The Court agrees with the Second, Third, and Fourth Circuits' interpretation of § 7. The plain language of the statute states that arbitrators "may summon in writing any person to attend before them . . . as a witness." [*5]  9 U.S.C. § 7 (emphasis added). Nothing in the language of § 7 "grant[s] an arbitrator the authority to order non-parties to appear at depositions, or the authority to demand that non-parties provide the litigating parties with documents during prehearing discovery." COMSAT Corp., 190 F.3d at 275. The Court also finds persuasive the Second and Third Circuits' reasoning that an arbitrator's authority over non-parties, particularly non-parties to the arbitration proceeding who are also non-parties to the arbitration agreement, is limited because the arbitrator's power ultimately stems from a contractual agreement to arbitrate. Non-parties, by definition, have not agreed to abide by the arbitrator's decisions. Thus, even though the FAA represents a congressional policy in favor of arbitration, which is perceived to be more efficient than litigation, and even though having the courts enforce arbitral subpoenas for pre-hearing discovery may in some ways serve the goal of efficiency, the most appropriate interpretation of § 7 is a narrow one.

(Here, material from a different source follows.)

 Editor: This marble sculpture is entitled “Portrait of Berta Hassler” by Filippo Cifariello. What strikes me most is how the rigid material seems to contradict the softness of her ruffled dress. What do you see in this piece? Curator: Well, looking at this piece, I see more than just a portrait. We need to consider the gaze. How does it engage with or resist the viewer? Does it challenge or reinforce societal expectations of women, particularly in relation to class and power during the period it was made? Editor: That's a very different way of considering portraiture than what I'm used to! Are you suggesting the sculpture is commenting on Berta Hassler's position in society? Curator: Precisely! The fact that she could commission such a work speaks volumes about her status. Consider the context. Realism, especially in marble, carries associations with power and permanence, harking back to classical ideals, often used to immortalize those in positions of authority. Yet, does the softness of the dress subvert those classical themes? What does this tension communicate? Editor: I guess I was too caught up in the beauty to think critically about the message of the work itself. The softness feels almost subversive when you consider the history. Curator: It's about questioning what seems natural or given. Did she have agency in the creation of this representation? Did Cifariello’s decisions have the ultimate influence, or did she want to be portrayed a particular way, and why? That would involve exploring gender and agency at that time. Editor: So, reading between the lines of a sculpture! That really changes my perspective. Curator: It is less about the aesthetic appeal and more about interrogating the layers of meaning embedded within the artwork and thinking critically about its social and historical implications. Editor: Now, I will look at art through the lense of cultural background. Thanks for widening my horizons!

See Hay Grp., Inc., 360 F.3d at 406 ("An arbitrator's authority over parties that are not contractually bound by the arbitration agreement is strictly limited to that granted by the Federal Arbitration Act."); id. at 410-11 ("Although efficiency is [*6]  certainly an objective of parties who favor arbitration over litigation, efficiency is not the principal goal of the FAA. Rather, the central purpose of the FAA is to give effect to private agreements.") (citations omitted); see also Life Receivables Trust, 549 F.3d at 217 (noting that an arbitrator's power to order discovery stems from the contractual parties' agreement, with § 7 being the only means to force non-parties to comply with an arbitral subpoena).

III. Discussion

Here, Plaintiffs appear to be seeking a pre-hearing deposition of Mr. Holowaty, who does not appear to be a party to the arbitration proceeding or to the underlying arbitration agreement. Because the arbitrator's power under § 7 does not extend to ordering non-parties to appear for pre-hearing depositions, this Court DENIES Plaintiffs' motion to compel Mr. Holowaty's deposition.

IV. Disposition

For the foregoing reasons, the Court DENIES Plaintiff's Motion.

The Clerk shall serve this minute order on the parties.